Omit the images. Restate all of the records word for word.

*** Opening of SUPPLIED DATA ***

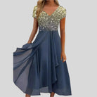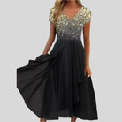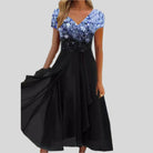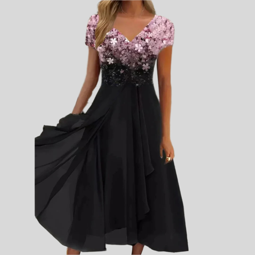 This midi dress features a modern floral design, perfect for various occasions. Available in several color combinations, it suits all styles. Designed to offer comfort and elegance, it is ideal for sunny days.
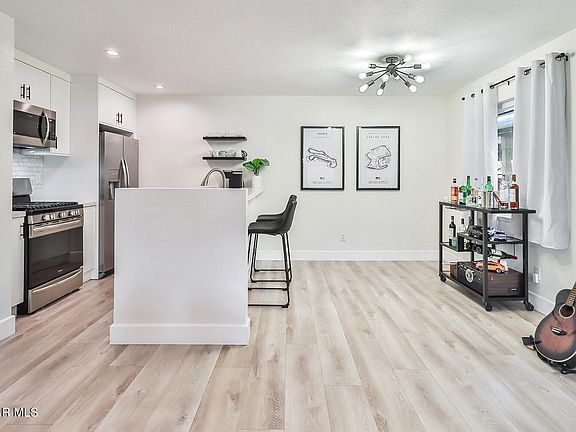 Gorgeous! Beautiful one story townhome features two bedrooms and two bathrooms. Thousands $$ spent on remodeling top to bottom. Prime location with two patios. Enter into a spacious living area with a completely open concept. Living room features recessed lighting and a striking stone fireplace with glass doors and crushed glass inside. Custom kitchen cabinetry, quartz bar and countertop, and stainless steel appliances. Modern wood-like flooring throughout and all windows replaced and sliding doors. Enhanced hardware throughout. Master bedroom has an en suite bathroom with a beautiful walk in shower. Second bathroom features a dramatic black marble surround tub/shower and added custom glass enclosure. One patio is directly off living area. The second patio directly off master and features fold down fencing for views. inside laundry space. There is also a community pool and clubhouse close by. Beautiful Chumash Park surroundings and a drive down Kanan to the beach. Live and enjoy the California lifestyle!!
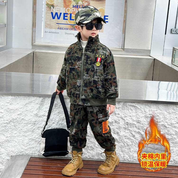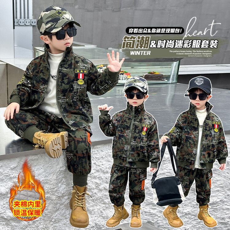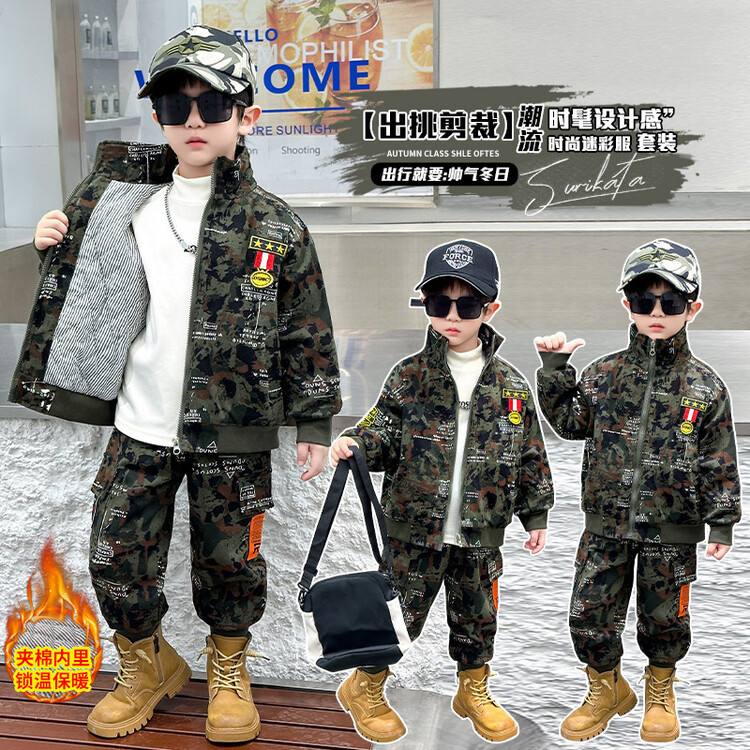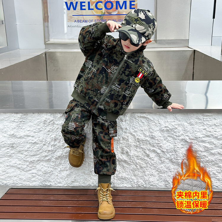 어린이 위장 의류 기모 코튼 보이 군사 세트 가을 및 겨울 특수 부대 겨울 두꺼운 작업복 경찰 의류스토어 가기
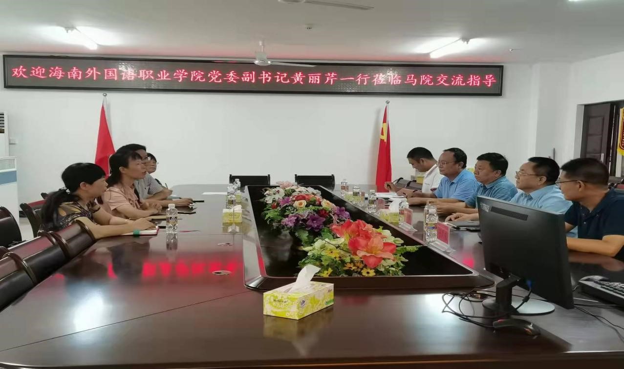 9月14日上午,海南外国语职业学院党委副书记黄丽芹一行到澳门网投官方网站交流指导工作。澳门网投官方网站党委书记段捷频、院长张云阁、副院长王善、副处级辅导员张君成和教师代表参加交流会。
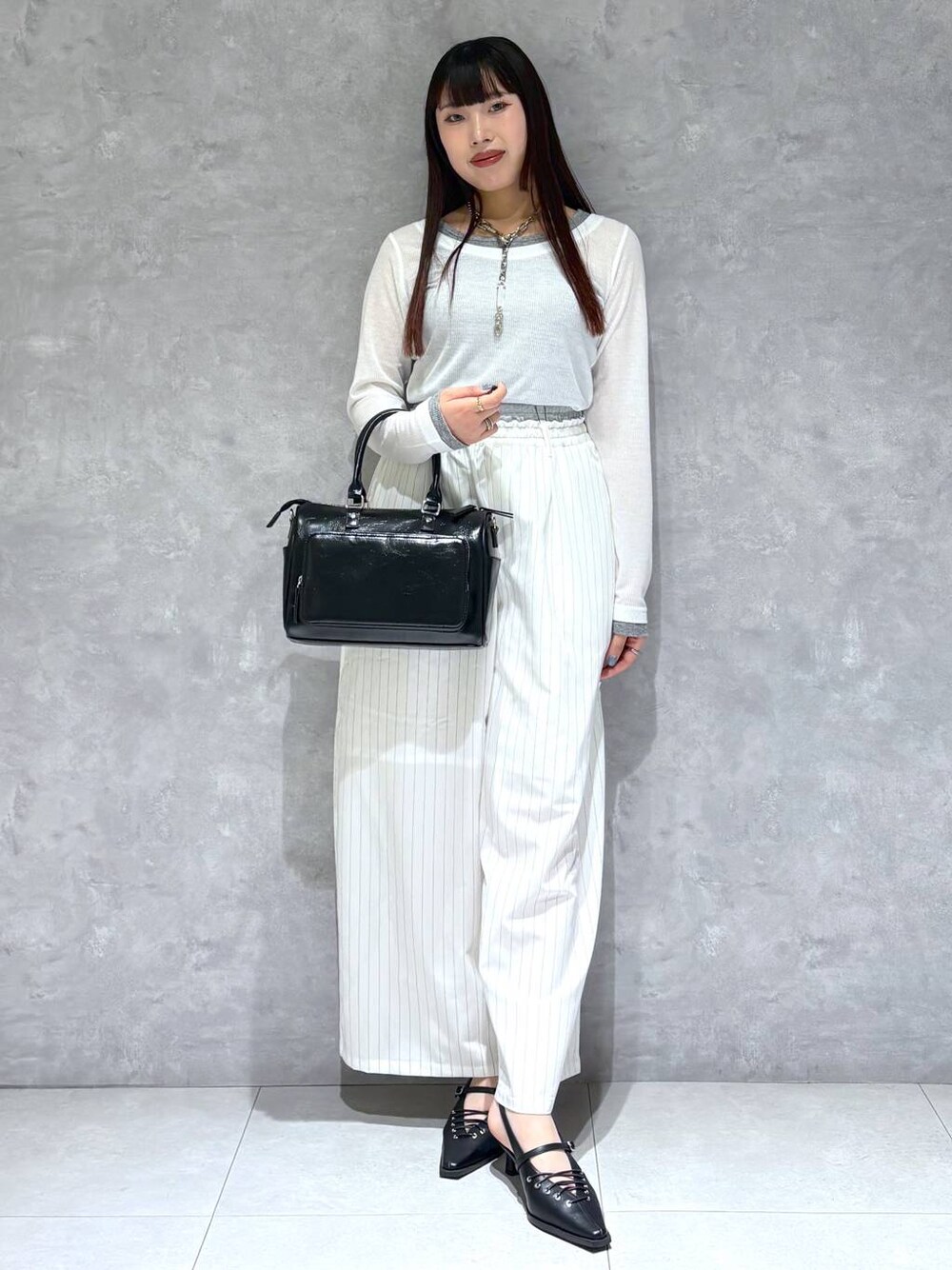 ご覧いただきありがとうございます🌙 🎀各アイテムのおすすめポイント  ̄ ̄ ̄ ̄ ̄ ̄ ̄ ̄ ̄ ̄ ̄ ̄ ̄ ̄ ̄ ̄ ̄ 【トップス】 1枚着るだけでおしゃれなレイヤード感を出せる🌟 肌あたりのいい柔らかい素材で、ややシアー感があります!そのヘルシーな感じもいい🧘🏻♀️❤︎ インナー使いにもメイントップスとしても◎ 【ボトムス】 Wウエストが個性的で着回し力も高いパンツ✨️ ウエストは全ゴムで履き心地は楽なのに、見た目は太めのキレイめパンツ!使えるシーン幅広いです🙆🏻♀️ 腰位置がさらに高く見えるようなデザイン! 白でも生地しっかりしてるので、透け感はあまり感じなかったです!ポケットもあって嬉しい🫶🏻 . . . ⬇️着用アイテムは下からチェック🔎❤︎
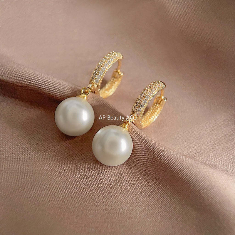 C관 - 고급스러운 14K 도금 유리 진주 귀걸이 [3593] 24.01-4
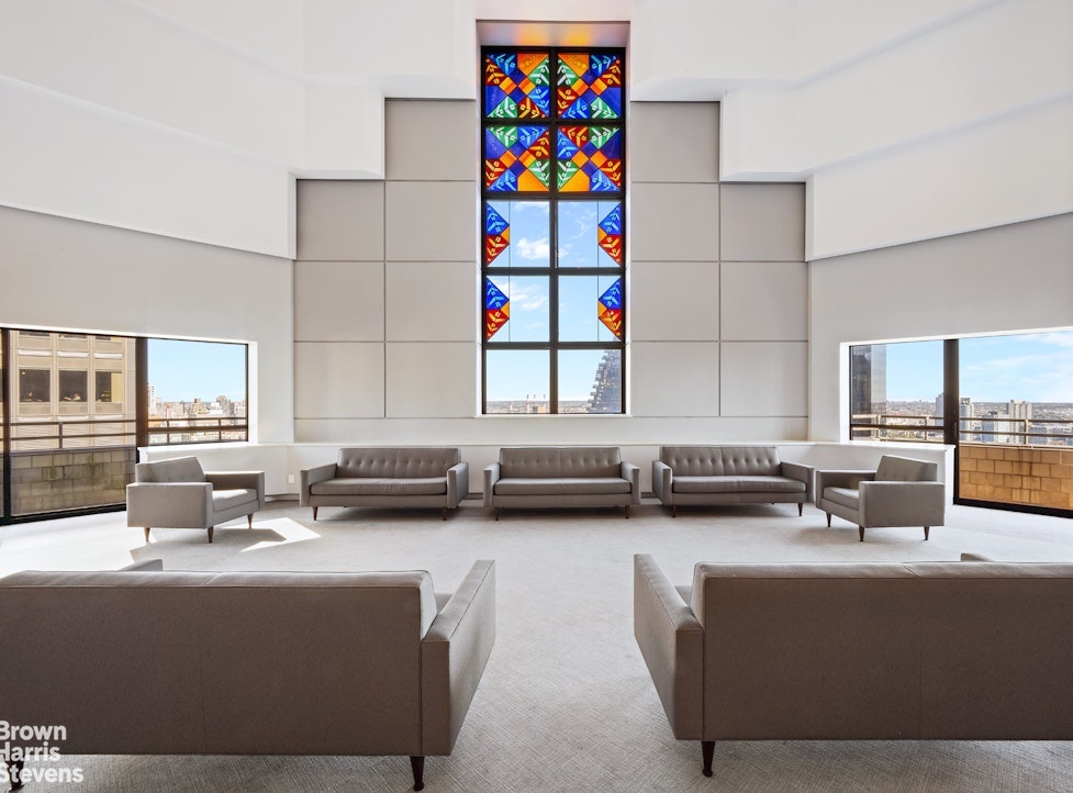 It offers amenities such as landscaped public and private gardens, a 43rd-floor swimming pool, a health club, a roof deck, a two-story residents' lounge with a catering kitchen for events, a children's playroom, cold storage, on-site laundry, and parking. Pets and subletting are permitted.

*** Close of SUPPLIED DATA ***

● ANSWER SPACE
 This midi dress features a modern floral design, perfect for various occasions. Available in several color combinations, it suits all styles. Designed to offer comfort and elegance, it is ideal for sunny days.
 Gorgeous! Beautiful one story townhome features two bedrooms and two bathrooms. Thousands $$ spent on remodeling top to bottom. Prime location with two patios. Enter into a spacious living area with a completely open concept. Living room features recessed lighting and a striking stone fireplace with glass doors and crushed glass inside. Custom kitchen cabinetry, quartz bar and countertop, and stainless steel appliances. Modern wood-like flooring throughout and all windows replaced and sliding doors. Enhanced hardware throughout. Master bedroom has an en suite bathroom with a beautiful walk in shower. Second bathroom features a dramatic black marble surround tub/shower and added custom glass enclosure. One patio is directly off living area. The second patio directly off master and features fold down fencing for views. inside laundry space. There is also a community pool and clubhouse close by. Beautiful Chumash Park surroundings and a drive down Kanan to the beach. Live and enjoy the California lifestyle!!
 어린이 위장 의류 기모 코튼 보이 군사 세트 가을 및 겨울 특수 부대 겨울 두꺼운 작업복 경찰 의류스토어 가기
 9月14日上午,海南外国语职业学院党委副书记黄丽芹一行到澳门网投官方网站交流指导工作。澳门网投官方网站党委书记段捷频、院长张云阁、副院长王善、副处级辅导员张君成和教师代表参加交流会。
 ご覧いただきありがとうございます🌙 🎀各アイテムのおすすめポイント  ̄ ̄ ̄ ̄ ̄ ̄ ̄ ̄ ̄ ̄ ̄ ̄ ̄ ̄ ̄ ̄ ̄ 【トップス】 1枚着るだけでおしゃれなレイヤード感を出せる🌟 肌あたりのいい柔らかい素材で、ややシアー感があります!そのヘルシーな感じもいい🧘🏻♀️❤︎ インナー使いにもメイントップスとしても◎ 【ボトムス】 Wウエストが個性的で着回し力も高いパンツ✨️ ウエストは全ゴムで履き心地は楽なのに、見た目は太めのキレイめパンツ!使えるシーン幅広いです🙆🏻♀️ 腰位置がさらに高く見えるようなデザイン! 白でも生地しっかりしてるので、透け感はあまり感じなかったです!ポケットもあって嬉しい🫶🏻 . . . ⬇️着用アイテムは下からチェック🔎❤︎
 C관 - 고급스러운 14K 도금 유리 진주 귀걸이 [3593] 24.01-4
 It offers amenities such as landscaped public and private gardens, a 43rd-floor swimming pool, a health club, a roof deck, a two-story residents' lounge with a catering kitchen for events, a children's playroom, cold storage, on-site laundry, and parking. Pets and subletting are permitted.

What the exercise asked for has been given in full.